None appeared on behalf of the assessee on the appointed date of hearing although notice was sent to the assessee by RPAD which has been duly served on the assessee as per the acknowledgement available on record and hence, we proceed to dispose of this appeal ex-parte qua the assessee. The ld. DR of revenue supported the assessment order.
We have considered the submissions of the learned DR of the revenue and gone through the orders of authorities below. We find that in respect of first issue i.e. allowability of deduction of depreciation, the decision of CIT(A) is by following various judgments including the judgment of Hon'ble Karnataka High Court rendered in the case of CIT Vs. Society of The Sisters of St. Anne as reported in 146 ITR 28(KAR). In this view of the matter, we find no infirmity in the order of CIT(A) on this issue.

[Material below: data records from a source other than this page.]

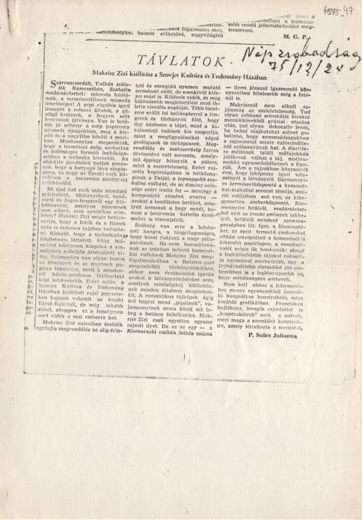Φωτοαντίγραφο αποκόμματος εντύπου, στα ουγγρικά, χαρτί, 29,8×21,0 εκ. Κριτική της Julianna P. Szücs για την ατομική έκθεση της Ζιζής Μακρή στη Βουδαπέστη το 1975. Επάνω επιγραφή με τα στοιχεία της δημοσίευσης.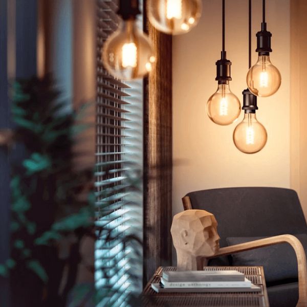 Donnez le ton avec une ampoule globe LED G125 avec un design à filament en spirale . De style vintage mais moderne, les ampoules à filament ont les mêmes fonctions que les autres ampoules intelligentes, mais donnent à la décoration intérieure une touche rétro. Dimensions : 125 mm de diamètre et 198 mm de hauteur.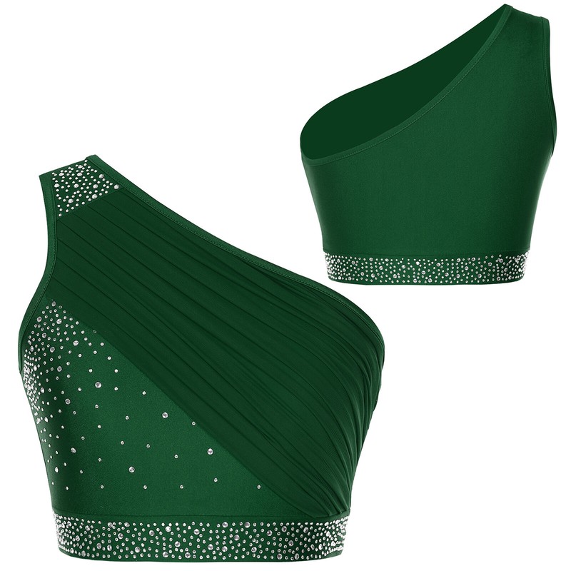 Women's Crop Top Rhinestones Vest Competition Tops Contemporary Blouse Sparkly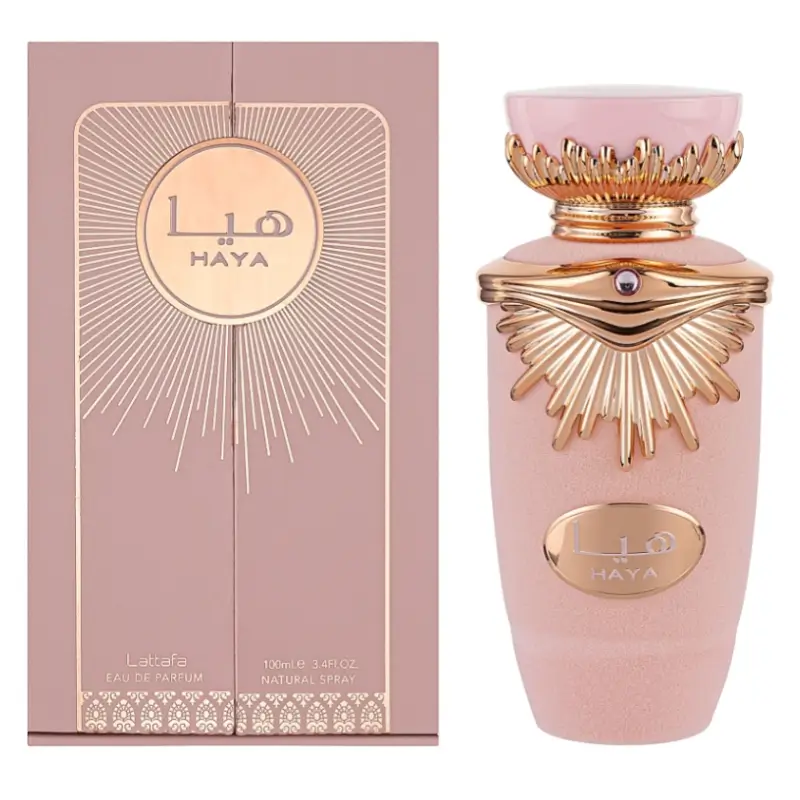 Haya (« modestie ») est une fête pétillante : champagne effervescent, fraise et orange sanguine ouvrent le bal, avant de se fondre dans une gardenia-orchidée crémeuse relevée de vanille. Le tout repose sur un fond chaud châtaignier-ambre, délicieusement cocooning.

Regarding the second issue i.e. whether the accumulation u/s. 11(1)(a) of IT Act is to be computed on net receipts or gross receipts, the issue was decided by CIT(A) by following the tribunal order rendered in the case of M/s. Jyothy Charitable Trust in as noted by him in para no. 7.12 of his order. In this view of the matter, we find no infirmity in order of CIT(A) on this issue also.
The third issue is regarding set-off of excess expenditure / application / deficit / loss. On this issue, the matter is decided by CIT (A) as per para no. 8.7 of his order which is reproduced hereinbelow for the sake of ready reference.
“8.7 However, jurisdictional ITAT order in the case of ACIT Vs City Hospital charitable trust (2015) 42 ITR(Trib)583 (Bangalore) and DCIT Vs Manipal Academy of Higher Education (2015) 44 ITR(Trib)18 (Bangalore) has considered the issue in favour of the Page 5 of 5 assessee. However, the Department filed appeal on similar issue in Karnataka High Court and is pending. Respectfully following the jurisdictional ITAT order in the above cases, this ground of appeal is allowed.”
7. From the above para reproduced from the order of CIT(A), it is seen that the decision of CIT(A) is by following various tribunal orders and therefore, there is no infirmity in the order of CIT(A) on this issue also.
In the result, the appeal filed by the revenue is dismissed.
Order pronounced in the open court on the date mentioned on the caption page.